The Art of Cooking in West Africa



  Over one hundred degree temperatures, 90% humidity, and a beautiful double layer cake with fluffy white icing oozing out of the middle from the extreme temperatures. This is just one part of my experiences cooking in West Africa. 

  Every soup, every pancake, every biscuit, every baked good is an adventure. I have had many absolute fails that I was extremely upset about.  These fails now make a good laugh and an interesting story. 

  The difference between cooking in West Africa and America is this: ingredients available. Yes, there may be chocolate chips at the store every three months if you are willing to pay $20 for the little bag. 

  I don't use chocolate chips. I don't use whipping cream. We don't put cheese in our Macaroni&Cheese. We don't use smooth, processed peanut butter because it is too expensive as an imported item; we use the more challenging natural peanut butter 😡 from locally grown peanut fields.  (No Peter Pan, no Jif). In fact, our family doesn't use real pumpkins in our pumpkin pie every Thanksgiving; we use a kind of gourd or squash found at the local market.  In this instance, it tastes exactly the same as what we make in the States. We fry our eggs, pop our popcorn, and make our mac 'n' cheese with the unprocessed, red palm oil, our new deceptive secret! 

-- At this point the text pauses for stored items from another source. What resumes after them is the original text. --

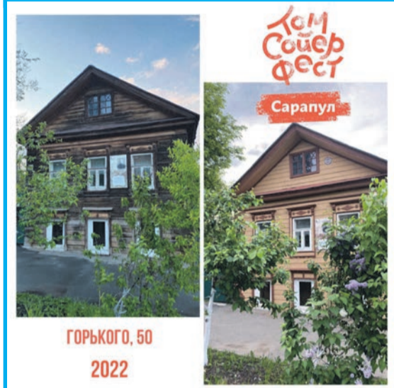
ГОРЬКОГО, 50 2022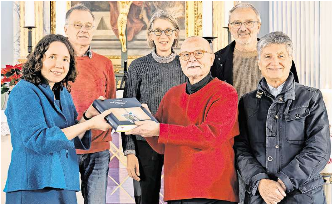
Das Projektteam stellt die Brelinger Kirchenchronik am 3. Adventssonntag vor.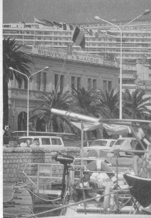
Dans le port d'Ajaccio.

— Moi, ça ne tourne pas rond aujourd'hui! (Dessin de Hervé-Cosmopress.)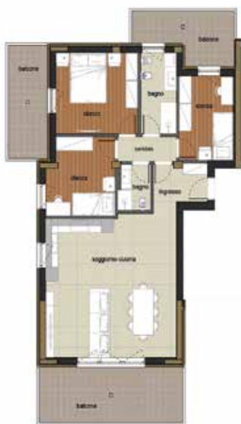
RIF. U.I. 03 1° PIANO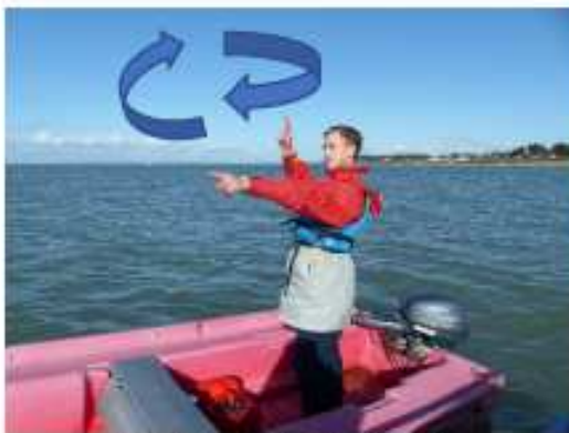
FIGURE 5 FAIRE DÉPARTER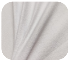
#5900001SUBLI | CREP POWER BRANCO PARA SUBLIMAÇÃO

Com elasticidade, caimento pesado, porém leve, o Crep Power é ideal para confecção de peças que fiquem mais justas ao corpo, como vestidos, saias e croppeds.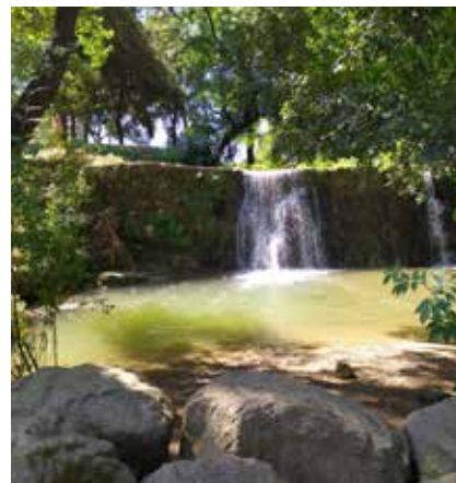
>> No és habitual veure tanta aigua a la resclosa de Can Bach, a la riera de la Pera, de Flaçà.

Retorn a la natura | Si la pandèmia serà o no serà un revulsiu a la insensatesa humana, deixem-ho per als sociòlegs. Que és com dir posar l'economia en mans dels economistes. Una cosa és segura: la recuperació d'espais naturals pel sol fet d'haver estat uns mesos sense patir l'acció de l' Homo sapiens , que, pel que s'ha vist, no és tan sapiens . Feia goig, aquesta primavera, veure amb quina ufana creixien les plantes, com verdejaven els camps i com rajava l'aigua per totes bandes, fins i tot en llocs poc habituals i ben a prop de Girona. La natura és sàvia, i no cal gaire ecologia de despatx per veure-la venir, com saben els pagesos de tota la vida. Per això sorprèn la virulència amb què han reaccionat certs naturalistes a unes obres a la llera de l'Onyar, vora el pont de Pedra. Hi calia una intervenció per netejar un col·lector de sanejament i, naturalment, la maquinària hi havia d'accedir.

Cooking late at night on my 11th birthday eve.

    Another major contrast is the temperature (go figure). We don't have air conditioning. So if it is unbearably hot outside, it is most likely unbearably hot inside. But if it rains outside, ah! The wind blows inside the house and through the halls, making the curtains billow. Then we turn off our fans, curl up in blankets, and drink hot tea. But when you are trying to cook a full fledged dinner (think mashed potatoes, green beans, roast beef, gravy, apple pie, etc, and outside it is 95 degrees in the shade....) with our gas oven on in the kitchen and at least two of the gas burners lit, we took the temperature by the stove and it was 120 degrees! What we put ourselves through for a hot, home cooked meal! Stirring the white sauce at our house in these conditions is no small task and takes no small amount of effort. 


Shopping! In bulk....

   Then the power goes out. Now thank God we have a Stone Age gas oven and stove that only requires electricity to light - unless it stops working or the power goes out. Then we use good old matches. The oven is a different story. I had to devise a not-so-complicated, several knob turning and button pushing method of lighting the oven that only I use. Everyone else in my family uses matches.

Our Oven
(photo by Jackson, an up-and-coming media specialist)

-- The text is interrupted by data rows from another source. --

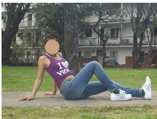
Figura 3 y 4. Foto-books

Al igual que en la autofoto, las adolescentes “testean” el nivel de eficacia de su imagen, a través de los comments que reciben de sus pares según la cantidad de MG y el nivel de aprobación de los comentarios. De este modo, los adolescentes disponen de dos herramientas fundamentales para la exhibición de sí mismos ante los otros: la cámara de fotos, que registra imágenes personales y permite publicarlas con facilidad sin costo alguno, y FB , que posibilita publicar y obtener feedback de esas imágenes. Aquí se condensan el sentido lúdico, el estético y el sexual.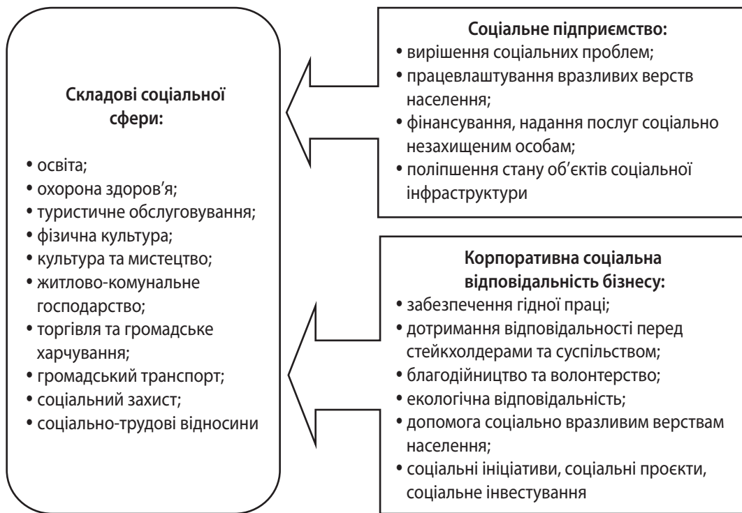
Рис. 2. Діяльність соціального підприємництва та роль корпоративної соціальної відповідальності в контексті соціального розвитку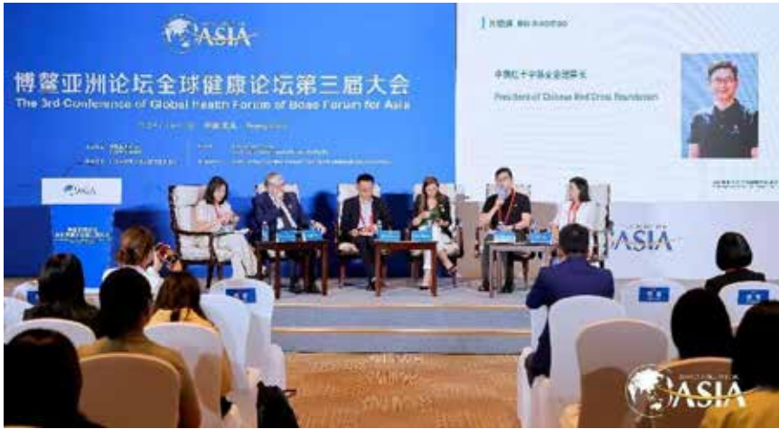
中国红十字基金会理事长贝晓超参加分论坛讨论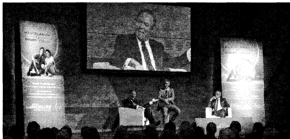
Una delle serate "Riparti Italia" che si sono svolte in tutta Italia con Ennio Doris.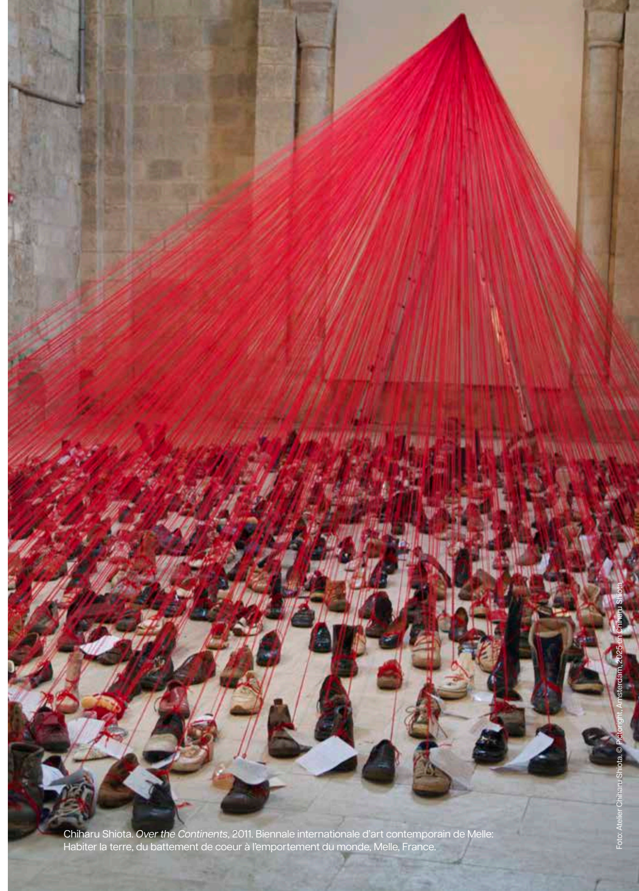
Chiharu Shiota, Over the Continents , 2011. Biennale internationale d'art contemporain de Melle: Habiter la terre, du battement de coeur à l'emportement du monde, Melle, France.

  My favorite part about cooking/shopping in West Africa is the fresh produce. Our family once had several banana trees outside of my bedroom window. Not only did the song birds wake me up every morning while they were gathering the nectar, we had what I called 'sweet bananas' once every year. They were far better than any bananas we found at the market and WAY better than any bananas in America. The pineapples here are the best, and the mangoes are superb.  The one fruit that I believe is better in America than here is the orange. Most of the good oranges here looks like this:



And these are pretty good! But not Florida/California oranges.


Shopping at the local market; yes, that is toilet paper in the background!
Banana picking in our backyard.

So in Jackson's words, to sum it up, "Life in West Africa can be hard; but it's awesome!"  I am glad that I grew up cooking here and no where else, because if you start hard you can take it anywhere! Not that cooking here is actually very hard, but compared to when we are in America, I think that it is slightly more difficult. Basically, God is using my childhood in West Africa to prepare me for life in the big bad world 😁 Cooking here is boss!!!


*Post inspired by Savannah. Thank you!